= Bohr compactification =

In mathematics, the Bohr compactification of a topological group G is a compact Hausdorff topological group H that may be canonically associated to G. Its importance lies in the reduction of the theory of uniformly almost periodic functions on G to the theory of continuous functions on H. The concept is named after Harald Bohr who pioneered the study of almost periodic functions, on the real line.

==Definitions and basic properties==
Given a topological group G, the Bohr compactification of G is a compact Hausdorff topological group Bohr(G) and a continuous homomorphism

b: G → Bohr(G)

which is universal with respect to homomorphisms into compact Hausdorff groups; this means that if K is another compact Hausdorff topological group and

f: G → K

is a continuous homomorphism, then there is a unique continuous homomorphism

Bohr(f): Bohr(G) → K

such that f = Bohr(f) $\circ$ b.

Theorem. The Bohr compactification exists and is unique up to isomorphism.

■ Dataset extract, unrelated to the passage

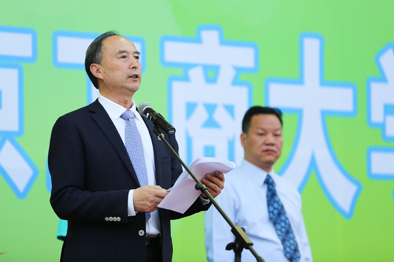 党委副书记卢思锋致开幕词,他代表学校党政领导向全体与会人员表示热烈的欢迎和衷心的感谢。他指出,学校坚持贯彻党的教育方针,高度重视党的教育工作,努力促进全体学生德智体美全面发展,体育工作和体育文化建设持续发展。他提到,学校传承奥运遗产,将运动会打造成学校重要的节庆之一:在体育项目中增加了非田径项目,吸引更多学生参与;同时,精心准备开幕式,将体育与艺术、心理等元素融为一体,传播正能量。在学校师生的共同努力下,开幕式文体表演已成为师生携手展现才艺、展示风貌、魅力无限、催人奋进、培育和实践社会主义核心价值观的大课堂、大舞台。他希望全体运动员发扬体育精神,公平竞争、奋勇拼搏、力求佳绩,希望全校各部门共同努力确保校运动会圆满成功。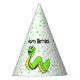 Este gorra fiesta personalizado es blanco con puentes de polka verde vibrantes y una sonriente serpiente personalizado verde y amarillo brillante. Personalizar el texto Feliz Cumpleaños con la plantilla.

We will denote the Bohr compactification of G by Bohr(G) and the canonical map by

$\mathbf{b}: G \rightarrow \mathbf{Bohr}(G).$

The correspondence G ↦ Bohr(G) defines a covariant functor on the category of topological groups and continuous homomorphisms.

The Bohr compactification is intimately connected to the finite-dimensional unitary representation theory of a topological group. The kernel of b consists exactly of those elements of G which cannot be separated from the identity of G by finite-dimensional unitary representations.

The Bohr compactification also reduces many problems in the theory of almost periodic functions on topological groups to that of functions on compact groups.

A bounded continuous complex-valued function f on a topological group G is uniformly almost periodic if and only if the set of right translates _{g}f where

$[{}_g f ] (x) = f(g^{-1} \cdot x)$

is relatively compact in the uniform topology as g varies through G.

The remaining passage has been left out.